Classification aims to develop a predictive model that can accurately classify new, unseen data points into one of the pre-defined classes.
This technique is widely used in various fields such as finance, marketing, healthcare, and natural language processing.
* Binary classification is a type of supervised learning problem in which the goal is to predict one of two possible outcomes or classes for each input observation. The output variable in binary classification is typically binary, meaning it takes on one of two values such as 0 or 1, true or false, positive or negative, etc.## Objective: ##
To create a Binary Classification model for a particular value in MNIST Digit Recognizer Dataset using three different classification algorithms.
The main objective of the MNIST Digit Recognizer Dataset is to develop algorithms that can correctly classify the images into their respective digit categories.Classification Algorithms Used in the Project:
1. Logistic Regression
2. SVM (Support Vector Machine)
3. Decision Tree## Dataset Description ##
* The Digit Dataset/Digit Recognizer Dataset contains files train.csv and test.csv containing grey-scale images of hand-drawn digits, from zero through nine.
* The MNIST (Modified National Institute of Standards and Technology) dataset is a widely used benchmark dataset in the field of machine learning and computer vision. It consists of a set of 70,000 images of handwritten digits (0-9) that have been normalized, centred and scaled to fit into a 28x28 pixel grid.

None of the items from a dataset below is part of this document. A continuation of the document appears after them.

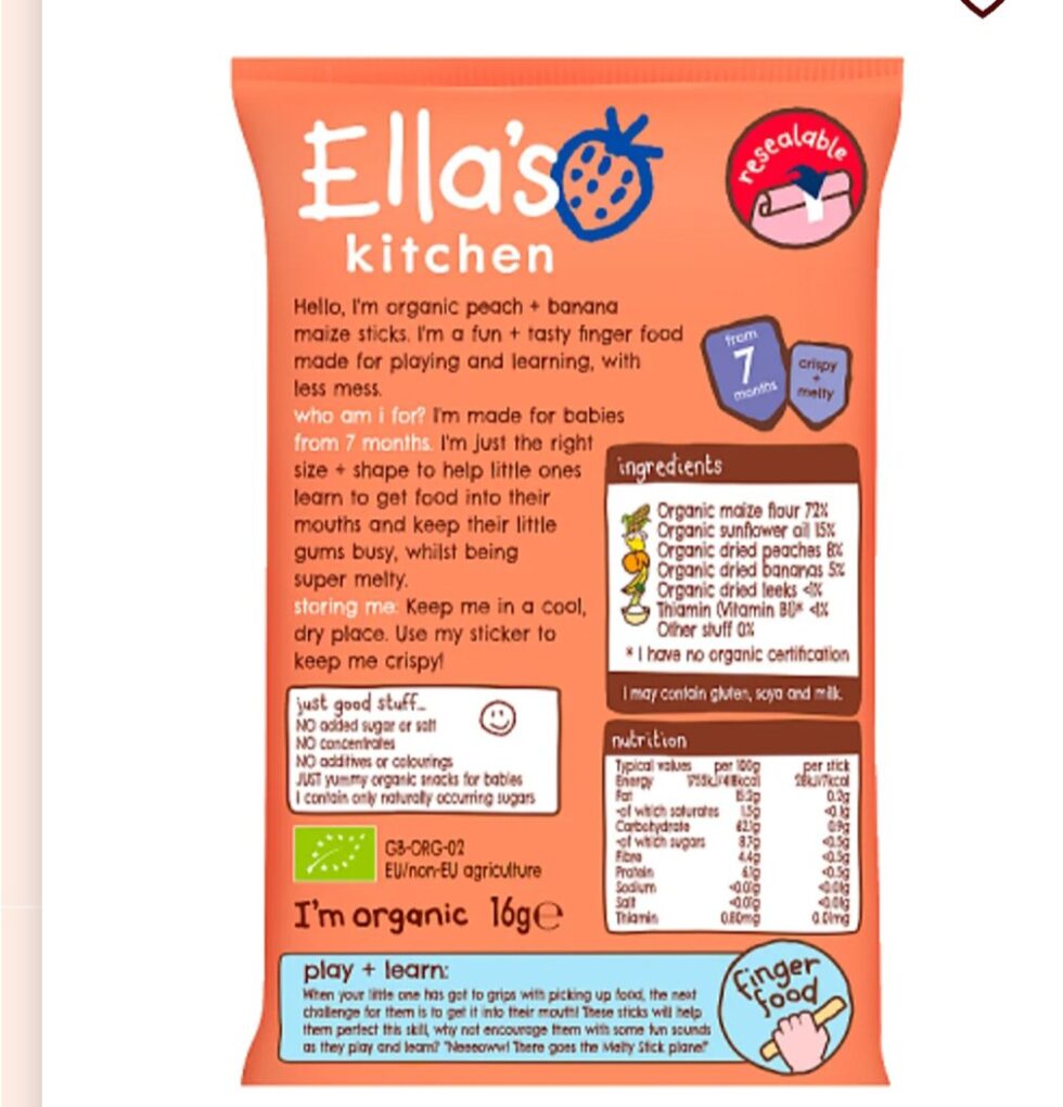 ELLA’S MELTY STICKS (peach& banana) 7m+
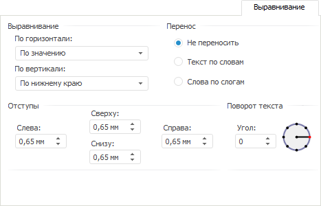 На вкладке «Выравнивание» задаются способы расположения значения внутри ячейки. Значение может быть выровнено по горизонтали и по вертикали с учётом заданных отступов от границ ячейки и угла поворота. Для строковых значений дополнительно может быть задан способ переноса.
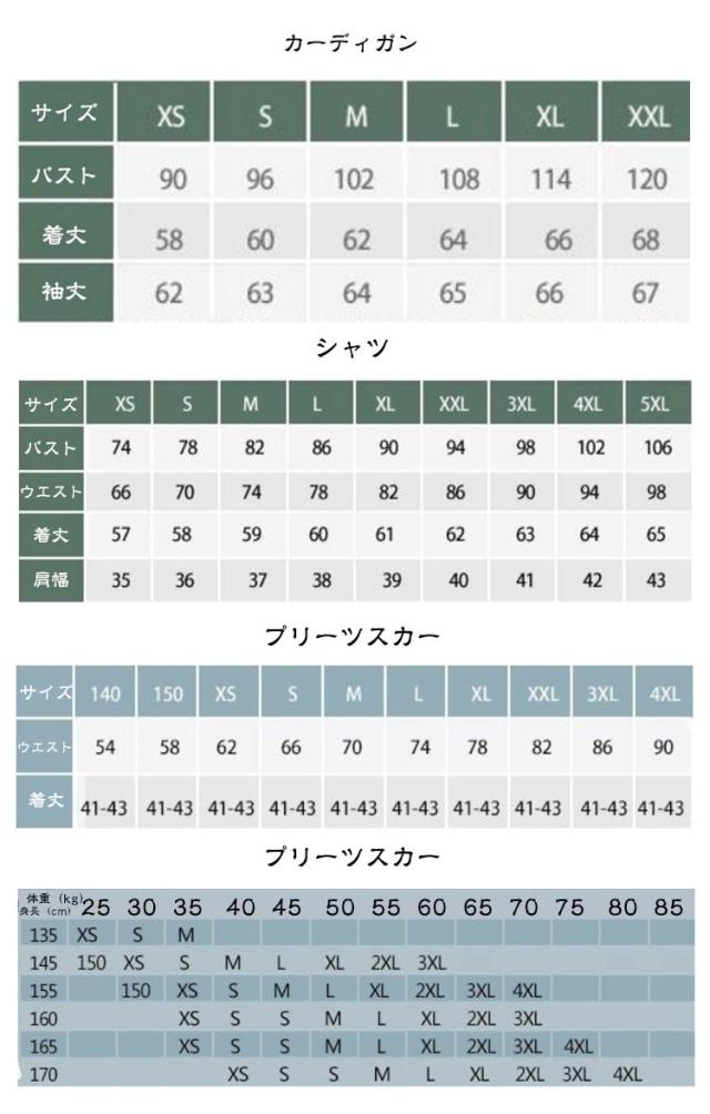 | サイズについての説明 | 【商品説明】 ◆セット内容:セーター+長袖シャツ+バッジ+スカート+リボン ※上記サイズは平置き実寸になります。 サイズ表の実寸法は商品によって1-3cm程度の誤差がある場合がございます。(単位:cm) |
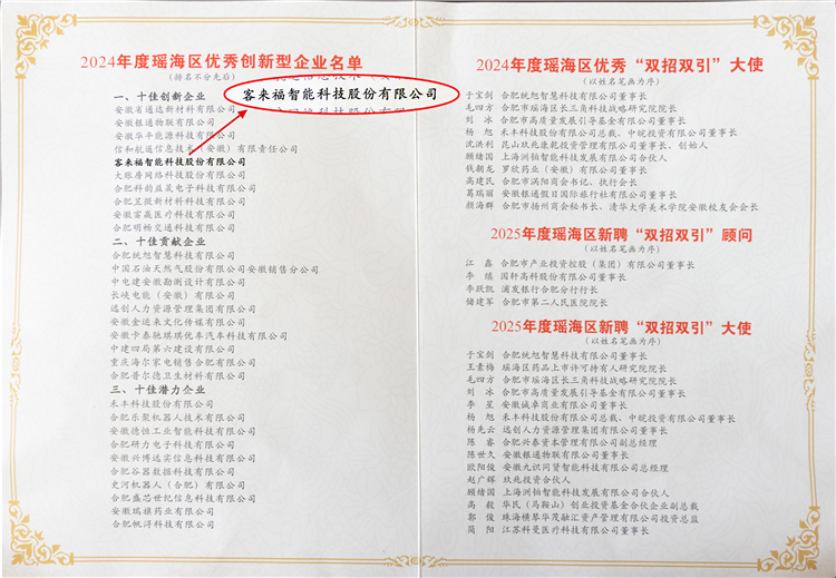 2月13日,2025年瑤海區(qū)縱深推進(jìn)“三大行動(dòng)”加快發(fā)展新質(zhì)生產(chǎn)力大會(huì)隆重召開(kāi)。會(huì)上,安徽客來(lái)福智能科技股份有限公司憑借卓越的創(chuàng)新能力與突出貢獻(xiàn),榮膺2024年度“瑤海區(qū)優(yōu)秀創(chuàng)新型企業(yè)”殊榮。
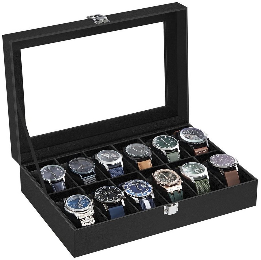 - **Für Uhrenliebhaber:** Jeder Uhrensammler braucht eine Uhrenbox, um seine Zeitmesser vor Staub und Kratzern zu schützen. Dieser elegante Kasten mit 12 Uhrenkissen bewahrt Ihre Lieblingsstücke nicht nur vor schädlichen Einflüssen, sondern hebt zudem ihre Einzigartigkeit hervor - **Betont die Eleganz Ihrer Uhren:** Transparenter Glasdeckel, schwarzes Innenfutter, schwarzer PU-Bezug, glänzender Metallverschluss – Durch diesen Uhrenkasten geben Sie Ihrer Uhrensammlung einen Ehrenplatz sowie einen optimalen Aufbewahrungsort - **Alle Uhren auf einen Blick:** Ihr Outfit sitzt wie angegossen. Jetzt fehlt nur noch die passende Uhr. Werfen Sie nur einen kurzen Blick durch den transparenten Glasdeckel dieser Uhrenbox und greifen Sie schnell auf die benötigte Uhr zu - **Ein Rundumschutz für Ihre Kostbarkeiten:** Dank der Uhrenkissen und des Samt-Innenfutters der Schatulle lassen sich Ihre Lieblingsuhren optimal in den 12 Fächern verstauen und werden zudem gut vor Staub, Kratzern und Stößen geschützt - **Was Sie bekommen:** Eine Uhrenbox, die über 12 Fächer, einen Glasdeckel, herausnehmbare Uhrenkissen, Samtfutter und einen Metallverschluss verfügt. Möchten Sie Ihre Uhren ordentlich verstauen und gleichzeitig stilvoll präsentieren? Dann gönnen Sie sich dieses Kästchen! - **Der Schlüssel zum Erfolg liegt im Detail:** Diese Uhrenbox von SONGMICS ist bis ins kleinste Detail durchdacht: Um Ihre Uhren vor fremdem Zugriff zu schützen, wurde sie mit einem Schloss versehen; darüber hinaus haben wir die Trennwände zwischen den Uhrenfächern verstärkt, was Ihren Uhren einen stabilen Halt gibt. - **Hinter einer schlichten Fassade versteckt sich ein Traumhaus für Uhren:** Der Uhrenkasten sieht schlicht und zurückhaltend aus, aber wenn Sie den Deckel aufklappen, werden Sie von seinem luxuriösen Innenleben überrascht sein: Die Box ist mit einem weichen Samt-Innenfutter ausgekleidet und auch die Uhrenkissen sind mit Samt überzogen. Hier finden Ihre Uhren oder Armbänder ein geeignetes Zuhause. Ferner können Sie dank der abnehmbaren Uhrenkissen auch andere Schmuckstücke in diesem Kasten verstauen, was ein weiteres Highlight dieser Box darstellt. - **Diese Investition lohnt sich:** Die Uhrenbox schützt Ihre kostbaren Uhren vor Schmutz, Kratzern, Beschädigungen etc. So sparen Sie sich die Kosten für eine Reparatur oder Wartung Ihrer Uhr. Es besteht also kein Zweifel daran, dass der Kauf einer Uhrenbox eine sinnvolle Investition ist. **Produktdetails:** - Farbe: schwarz - Material: MDF, PU, Papier, Samt, Glas - Gesamtmaße: 30 x 21 x 8,5 cm (L x B x H) - Maße pro Uhrenfach: 7x4,8 cm - Maße pro Uhrenkissen: 7 x 3,5 x 4,8 cm (B x H x T) - Gewicht: 1,12 kg **Lieferumfang:** - 1 x Uhrenbox
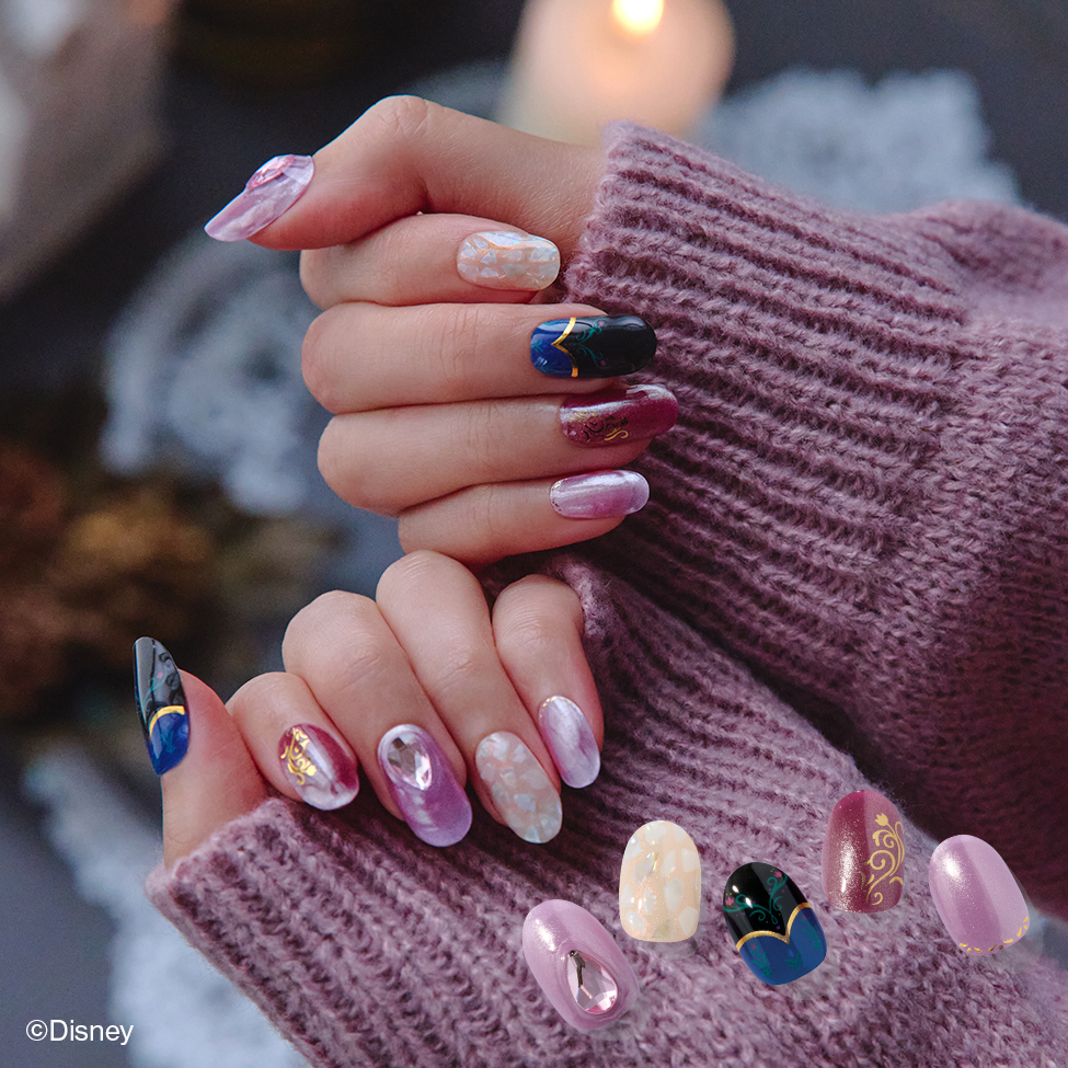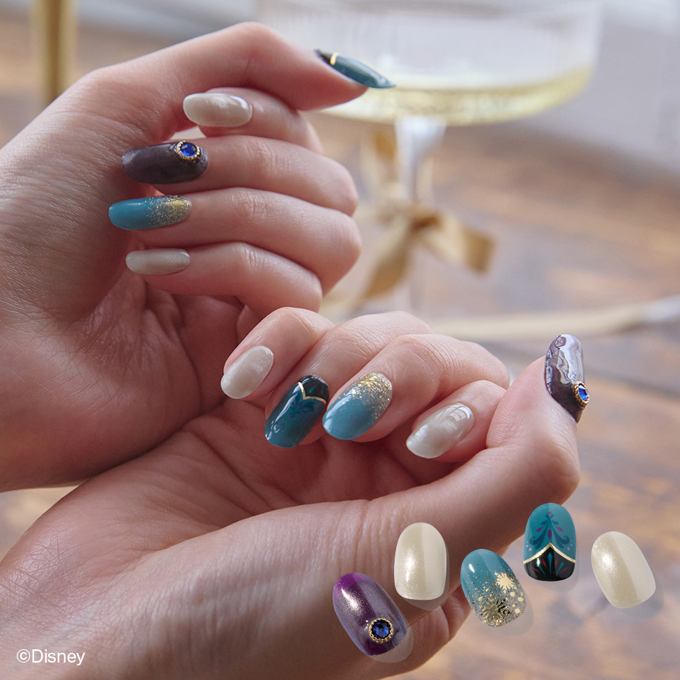 明るく楽観的な「アナ」をモチーフにしたデザインは、彼女の堂々とした美しさを表現。「アナ」の衣装からインスピレーションを得たピンク、パープル、ネイビーを基調に、ドレスの模様を感性豊かにアレンジしたアートワークをプラス。ロイヤルで上品な雰囲気を演出します。雪の結晶のように輝くピンクのドロップジェムパーツは、旅の道で見かける氷柱を連想させ、マグネットグリッターとゴールドの箔が指先にほのかな輝きを与えます。多彩な質感と色彩が調和し、あたたかくも華やかな冬のムードを完成させるデザインです。「アナ」のように明るく愛らしい雰囲気を、ぜひ指先で楽しんでみてください。
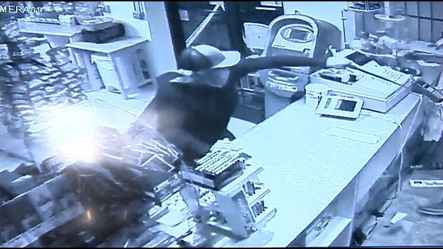 The robber dressed in black from head-to-toe and armed with an expandable metal baton did not take no for an answer.
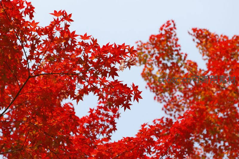 火红枫叶特写,蓝天映衬下尽显秋意浓
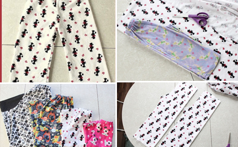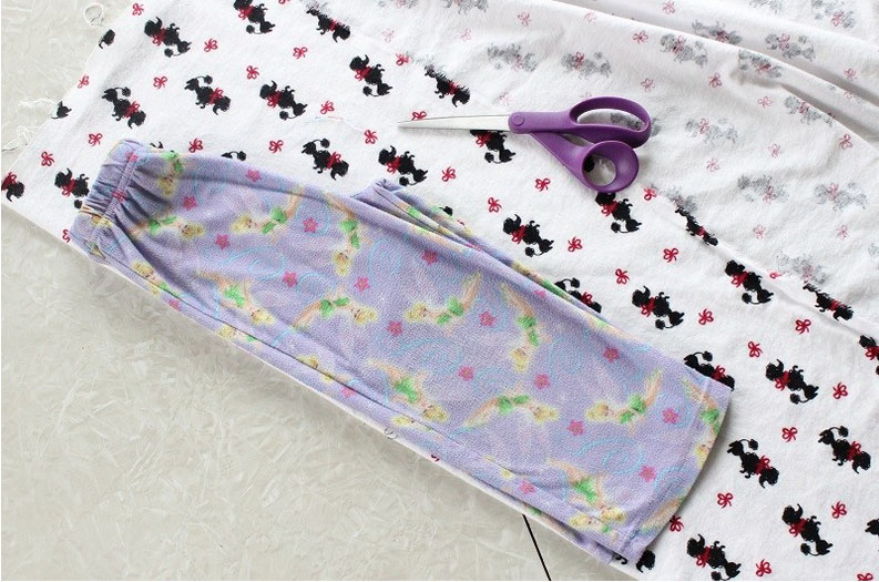 θα χρησιμοποιήσουμε ένα παντελόνι πιτζάμας παλιό αρκεί να ταιριάζει σε μέγεθος σε αυτόν που θα το φορέσει. Διπλώστε στη μέση την πιτζάμα και τοποθετήστε τη στο επίσης διπλωμένο ύφασμα
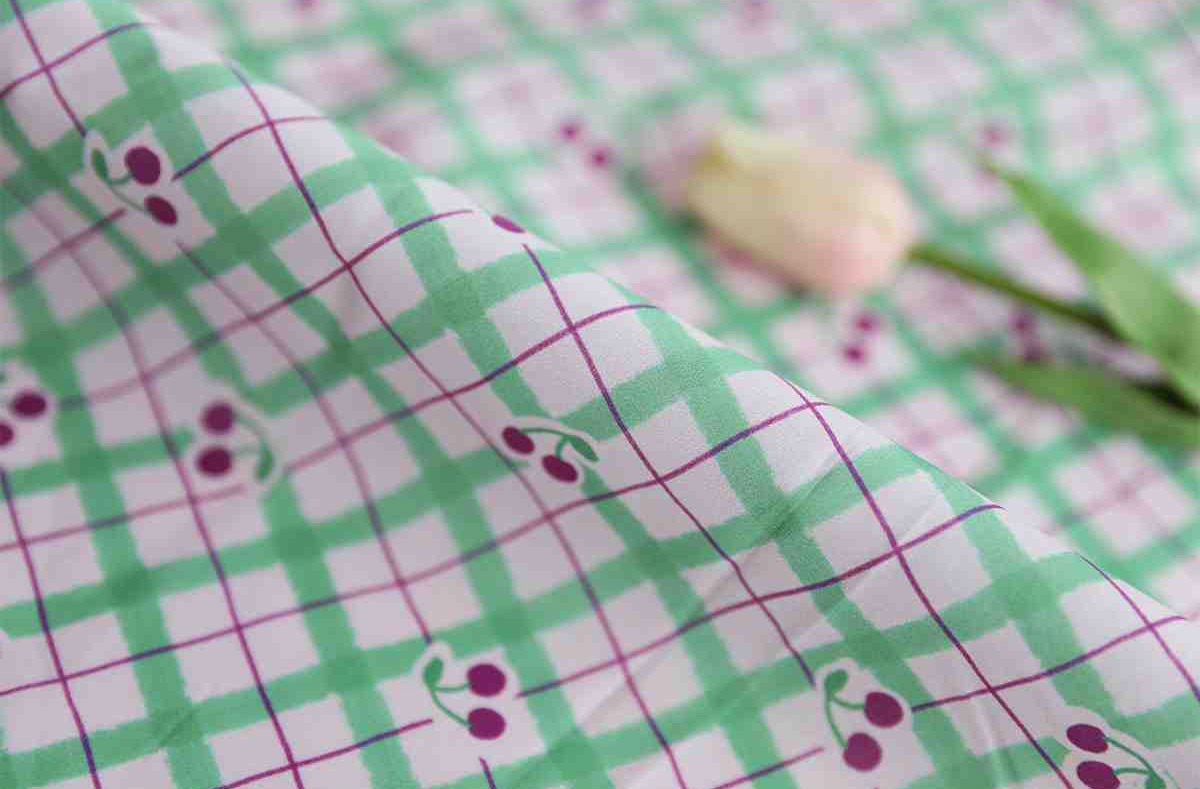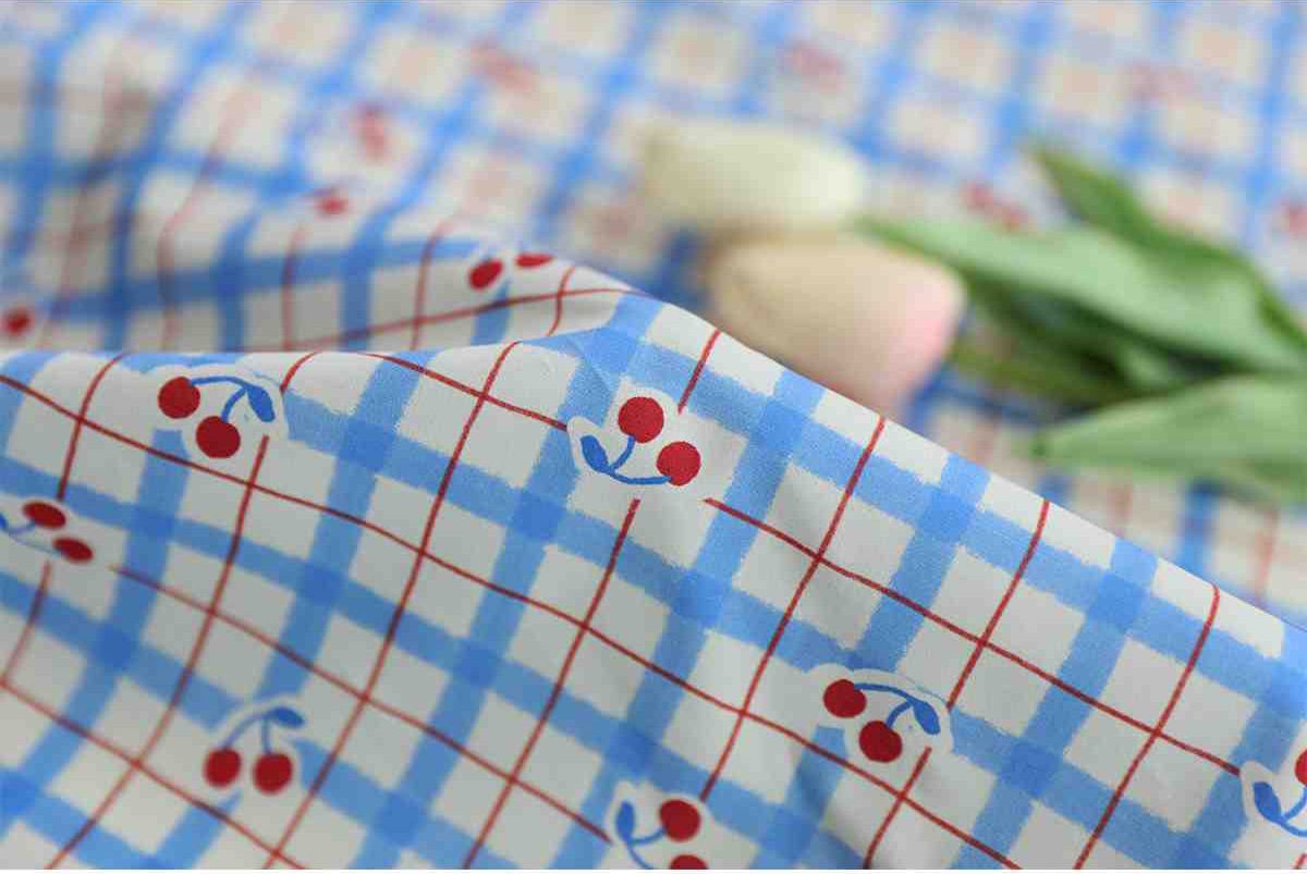 【韓国生地】 大幅 30s 果物柄 チェックギンガム チェリー コットン100% Check Cherry Fabric 90cm X 145cm
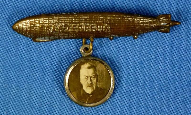 The zeppelin badge is approximately 1-5/8 inches long. The badge shows wear to the finish. Suspended from the zeppelin is a photograph ofCount Ferdinand von Zeppelin.

* The dataset is divided into two parts: 60,000 images are used for training i.e. train.csv and 10,000 images are used for testing i.e. test.csv.
* The training data set, (train.csv), has 785 columns. The first column, called "label", is the digit that was drawn by the user. The rest of the columns contain the pixel values of the associated image.
* The test data set, (test.csv), is the same as the training set, except that it does not contain the "label" column.
* Each pixel has a single pixel value associated with it, indicating the lightness or darkness of that pixel, with higher numbers meaning darker. This pixel value is an integer between 0 and 255, inclusive.# Methodology Used: #
1. Load the MNIST dataset: The MNIST dataset can be loaded using the scikit-learn library.
2. Preprocess the data: The dataset should be preprocessed by flattening the 28x28 pixel images to a 1D array of length 784 and normalizing the pixel values to a range of 0 to 1. The data should also be split into training and testing sets.
3. Train the model: Train the Logistic Regression, SVM, and Decision Trees model on the training dataset.
4. Evaluate the model: Evaluate the model on the testing dataset using metrics such as accuracy and confusion matrix.
5. Make predictions: Use the trained model to make predictions on new, unseen data.
6. Compare the models: Compare the performance of the Logistic Regression, SVM, and Decision Trees models on the testing dataset. Choose the model with the highest accuracy.